Sunday, November 14, 2010

Sarah, Liesel, and the Nazis

Sarah's Key, by Tatiana de Rosnay
The Book Thief, by Markus Zusak

I don't like books about the Holocaust. I have yet to read a Holocaust book that really made a big impression on me.* There, I said it. I have no soul.

So, I don't even know how it happened that BOTH of my book clubs selected Holocaust books last month. How did I let this happen? If I had to recommend one of these novels, it would be Sarah's Key.

From Publishers Weekly: "De Rosnay's U.S. debut fictionalizes the 1942 Paris roundups and deportations, in which thousands of Jewish families were arrested, held at the Vélodrome d'Hiver outside the city, then transported to Auschwitz. Forty-five-year-old Julia Jarmond, American by birth, moved to Paris when she was 20 and is married to the arrogant, unfaithful Bertrand Tézac, with whom she has an 11-year-old daughter. Julia writes for an American magazine and her editor assigns her to cover the 60th anniversary of the Vél' d'Hiv' roundups. Julia soon learns that the apartment she and Bertrand plan to move into was acquired by Bertrand's family when its Jewish occupants were dispossessed and deported 60 years before. She resolves to find out what happened to the former occupants: Wladyslaw and Rywka Starzynski, parents of 10-year-old Sarah and four-year-old Michel. The more Julia discovers—especially about Sarah, the only member of the Starzynski family to survive—the more she uncovers about Bertrand's family, about France and, finally, herself. Already translated into 15 languages, the novel is De Rosnay's 10th (but her first written in English, her first language). It beautifully conveys Julia's conflicting loyalties, and makes Sarah's trials so riveting, her innocence so absorbing, that the book is hard to put down."


I listened to this book, which helped with some of the French pronunciations. I probably cared more about the Julia character because of how other people treated her and despite her actions. That is a tough sell for a heroine.

The Book Thief is a young adult novel that sounded promising from the description, but was just so disappointing.

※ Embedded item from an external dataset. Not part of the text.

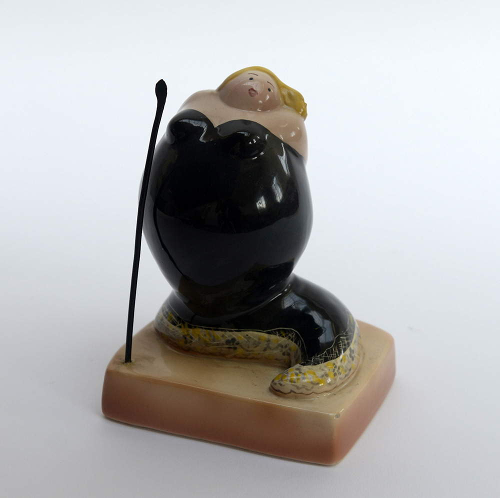 Giovanni Ronzan "Cantante lirica EIAR" Piccola scultura caricaturale in ceramica formata a colaggio e smaltata in policromia sotto vetrina. Torino, anni '30. Firmata sotto la base "Originale Ronzan". (difetti e restauri) -EN "Cantante lirica EIAR" Piccola scultura caricaturale in ceramica formata a colaggio e smaltata in policromia sotto vetrina. Torino, anni '30. Firmata sotto la base "Originale Ronzan". (difetti e restauri)
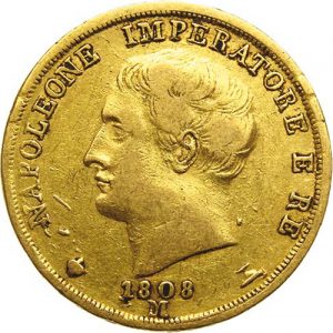 20 LIRE OR 6,38 gr. Napoléon Ier 1808 Milan.

From School Library Journal: "Zusak has created a work that deserves the attention of sophisticated teen and adult readers. Death himself narrates the World War II-era story of Liesel Meminger from the time she is taken, at age nine, to live in Molching, Germany, with a foster family in a working-class neighborhood of tough kids, acid-tongued mothers, and loving fathers who earn their living by the work of their hands. The child arrives having just stolen her first book–although she has not yet learned how to read–and her foster father uses it,
The Gravediggers Handbook, to lull her to sleep when shes roused by regular nightmares about her younger brothers death. Across the ensuing years of the late 1930s and into the 1940s, Liesel collects more stolen books as well as a peculiar set of friends: the boy Rudy, the Jewish refugee Max, the mayors reclusive wife (who has a whole library from which she allows Liesel to steal), and especially her foster parents. Zusak not only creates a mesmerizing and original story but also writes with poetic syntax, causing readers to deliberate over phrases and lines, even as the action impels them forward. Death is not a sentimental storyteller, but he does attend to an array of satisfying details, giving Liesels story all the nuances of chance, folly, and fulfilled expectation that it deserves. An extraordinary narrative.–Francisca Goldsmith, Berkeley Public Library, CA "

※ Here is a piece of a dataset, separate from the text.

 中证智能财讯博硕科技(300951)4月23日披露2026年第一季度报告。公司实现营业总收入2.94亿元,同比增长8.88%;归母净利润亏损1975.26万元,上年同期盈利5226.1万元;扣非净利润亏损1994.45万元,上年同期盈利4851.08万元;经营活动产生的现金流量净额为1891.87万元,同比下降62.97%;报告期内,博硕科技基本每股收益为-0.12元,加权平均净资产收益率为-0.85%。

I didn't like Death as the narrator. I sometimes felt like the story was going to go in a weird, inappropriate place (though perhaps that says more about me than the book), but then it would step back. I think my main gripe is that Death would tell you what happens and then go back and tell you how it happened. I enjoy that type of story telling (in How I Met Your Mother), but for me, it just did not work for this book.

Kindle edition notes: The book contains quite a few illustrations that translate well to the Kindle version.

* Please do not interpret this declaration as an invitation to suggest Holocaust books that I might like. I've read a lot. It's too late for me.